Novembro de 2015 - Vol.20 - Nº 11

COLUNA PSIQUIATRIA CONTEMPORÂNEA

MEDICINA ALTERNATIVA, RELIGIÃO E PSIQUIATRIA NO SÉCULO XXI

Fernando Portela Câmara
Prof. Associado da UFRJ


O recente edital de contratação para um reiki-terapeuta pelo Hospital Princesa Alexandra, do NHS britânico, suscitou muitos protestos de médicos e cientistas. O hospital justificou a procura porque “will provide Reiki/Spiritual healing to patients to enable them to cope with the emotional, physical and spiritual issues of dealing with their cancer journey”. O fato suscitou um comentário na Nature (vol. 526, Número 7375, de 20 de novembro de 2015) assinado por Garry Simpson.

O clamor foi geral contra as alegações pseudocientíficas dos terapeutas espirituais, e no que concerne aos reiki terapeutas, não existe evidência alguma de que eles possam manipular “campos de energia” humanos para liberar “bloqueios” e curar o corpo. Ora, isso era exatamente o que Mesmer dizia ao criar a terapia pelo “magnetismo animal” (hoje denominado “campos de energia” animal), já na época (final do século XVIII) desmentido pela Academia de Ciências da França e por uma Comissão Científica da Escola de Medicina de Paris.

Muitas das terapias alternativas não fazem diferença quando testadas contra o efeito placebo, e se “curam” por via psíquica, o fazem geralmente por efeito de sugestão (não confundi-las com psicoterapia). Há, contudo, uma tendência para incorporar tais práticas nos serviços públicos de saúde, inclusive já existe no Brasil, onde a homeopatia e a acupuntura são especialidades médicas reconhecidas pelo CFM e AMB. Entretanto, placebo não cura doenças graves e nem intervêm nas complexas reações psíquicas ou fisiológicas, e certamente um médico homeopata ou um médico acupunturista sabem disso, pois essas especialidades entre nós são reconhecidas como “modalidades terapêuticas”. Jamais foi visto um placebo ou terapia espiritual/religiosa, homeopatia ou acupuntura controlarem um episódio maníaco ou uma depressão maior, deter uma psicose florida ou remitir um estresse pós-traumático.

A neurociência vem testando a hipótese de o efeito placebo ser um meio de liberação de dopamina, mas todos os experimentos têm fracassado. Nenhuma terapia espiritual ou religiosa mostrou algum efeito no Parkinson, mesmo incipiente, ou mesmo na liberação de endorfinas nas dores crônicas.

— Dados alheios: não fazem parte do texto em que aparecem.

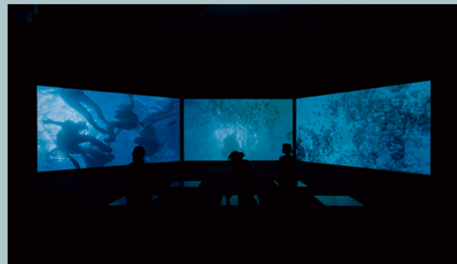
山城知佳子《肉屋の女》2012 YAMASHIRO Chikako, A Woman of the Butcher Shop , 2012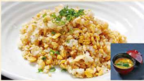
ガーリックライス (みそ汁付き) 78.000 vnd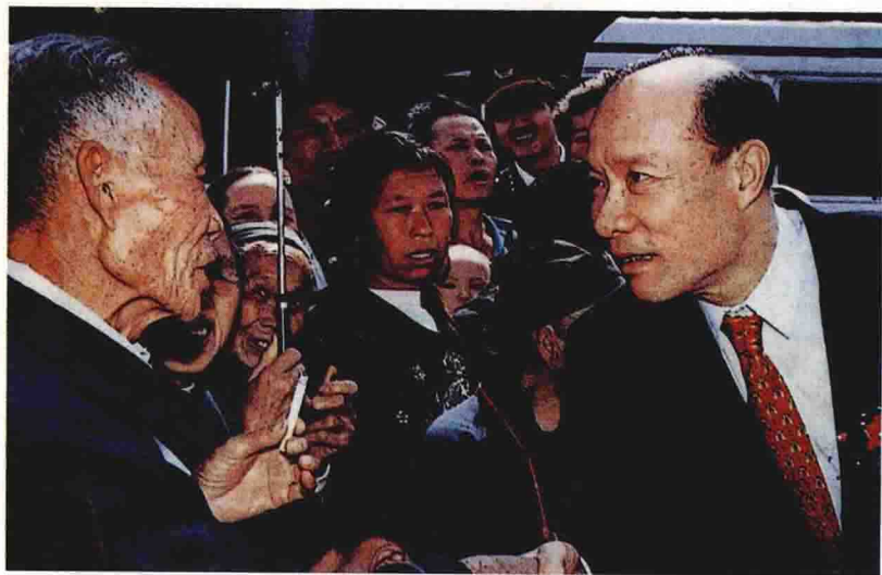
1994年10月，广州市市长黎子流（右）与珠玑古巷村民亲切交谈。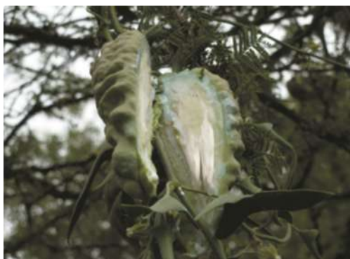
Fruto de Tasi

¿Cómo lo reconocemos? Planta con hojas simples, opuesta, pecíolos de 1 a 2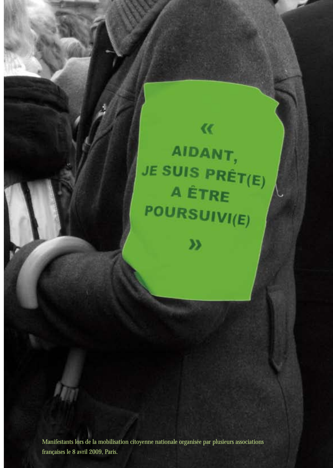
Manifestants lors de la mobilisation citoyenne nationale organisée par plusieurs associations françaises le 8 avril 2009, Paris.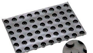
19 1129 プティフル(円) 54取 〈WHL-56〉 目 9-1105-1901 ¥31,000 600×400 出来上がり寸法:φ40×H20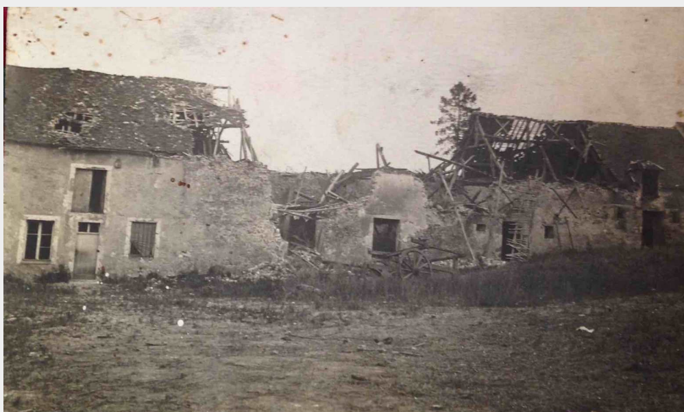
La ferme de la Charmoise en 1918

1920 8 avril Adrien Régnier achète la ferme en même temps que le moulin de la Charmoise, le tout nécessitant une sérieuse restauration, vu l'état des lieux après les combats de l'été 1918.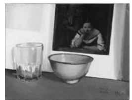
Reproducido en p. 18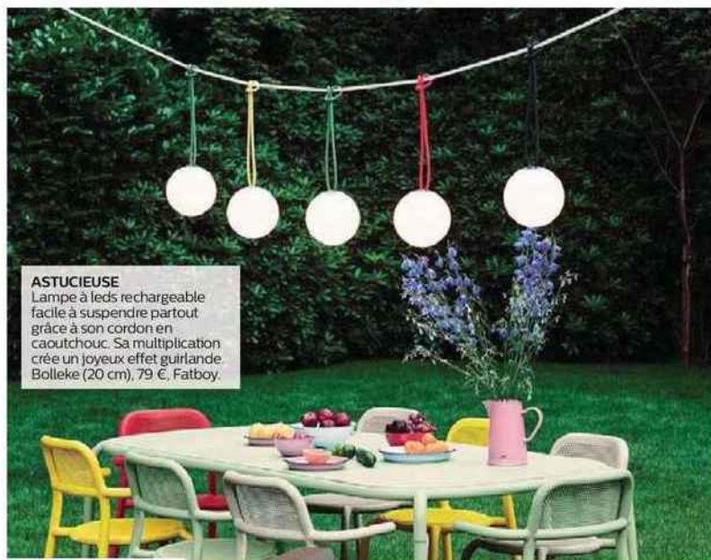
ASTUCIEUSE Lampe à leds rechargeable facile à suspendre partout grâce à son cordon en caoutchouc. Sa multiplication crée un joyeux effet guirlande. Bolleke (20 cm), 79 €, Fatboy.

Sempre que se aborda essa questão pela “medicina baseada em evidências” as teorias espirituais e religiosas falham. Entretanto, estudos com a acupuntura mostraram que ela pode ter um efeito relevante no alivio da dor e dos sintomas da síndrome do cólon irritável, em um nível que permite supor que a interação de agulhas com o corpo humano resultaria em um efeito placebo forte (embora não consiga desafiar a hipótese nula) (Kaptchuk et al., Br. Med. J. 332: 391-7, 2006; Kaptchuk et al., Br. Med. J. 336: 999-1007, 2008), e assim passou a ser um tratamento recomendado na medicina.

Um tratamento para ser efetivo deve ser significantemente maior que o efeito placebo, então, porque a população em geral apóia as terapias placebo? Aqui entra em jogo variáveis subjetivas complexas, pois não é somente o tratamento em si que está envolvido, mas a participação de um terapeuta carismático, atencioso e participativo, ele mesmo um poderoso efeito placebo. Este é o “segredo” que acompanha a prática dos médicos que a simpatia popular elege como seus heróis e que, no Brasil, algumas vezes são elevados a médicos espirituais após sua morte, de onde “retornam” para dar bons conselhos e fazer cirurgias espirituais através de médiuns famosos.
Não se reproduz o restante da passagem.